- **SUPPLIED RECORDS**:
BEGIN

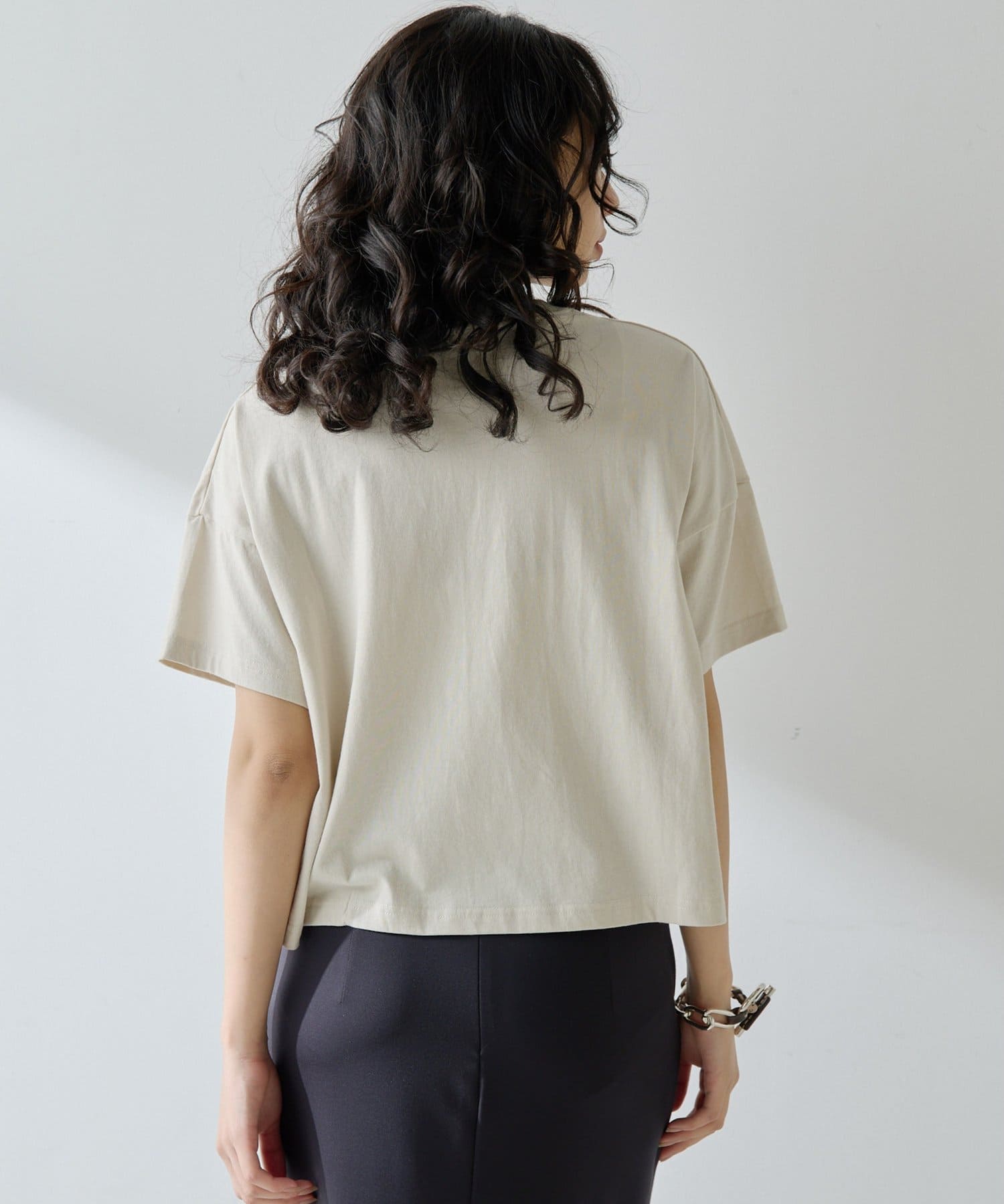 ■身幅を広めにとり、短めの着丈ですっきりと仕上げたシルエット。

END
BEGIN

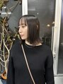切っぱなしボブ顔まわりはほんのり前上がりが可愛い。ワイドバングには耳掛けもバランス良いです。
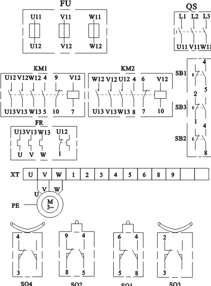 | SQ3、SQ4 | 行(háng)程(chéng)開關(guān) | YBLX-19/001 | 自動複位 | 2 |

END

Every line above from the one with "切っぱなしボブ顔まわりはほん" down to the one with "YBLX-19/001 | 自動複位 | 2 |" must be written out exactly, and no picture may appear.

切っぱなしボブ顔まわりはほんのり前上がりが可愛い。ワイドバングには耳掛けもバランス良いです。
 | SQ3、SQ4 | 行(háng)程(chéng)開關(guān) | YBLX-19/001 | 自動複位 | 2 |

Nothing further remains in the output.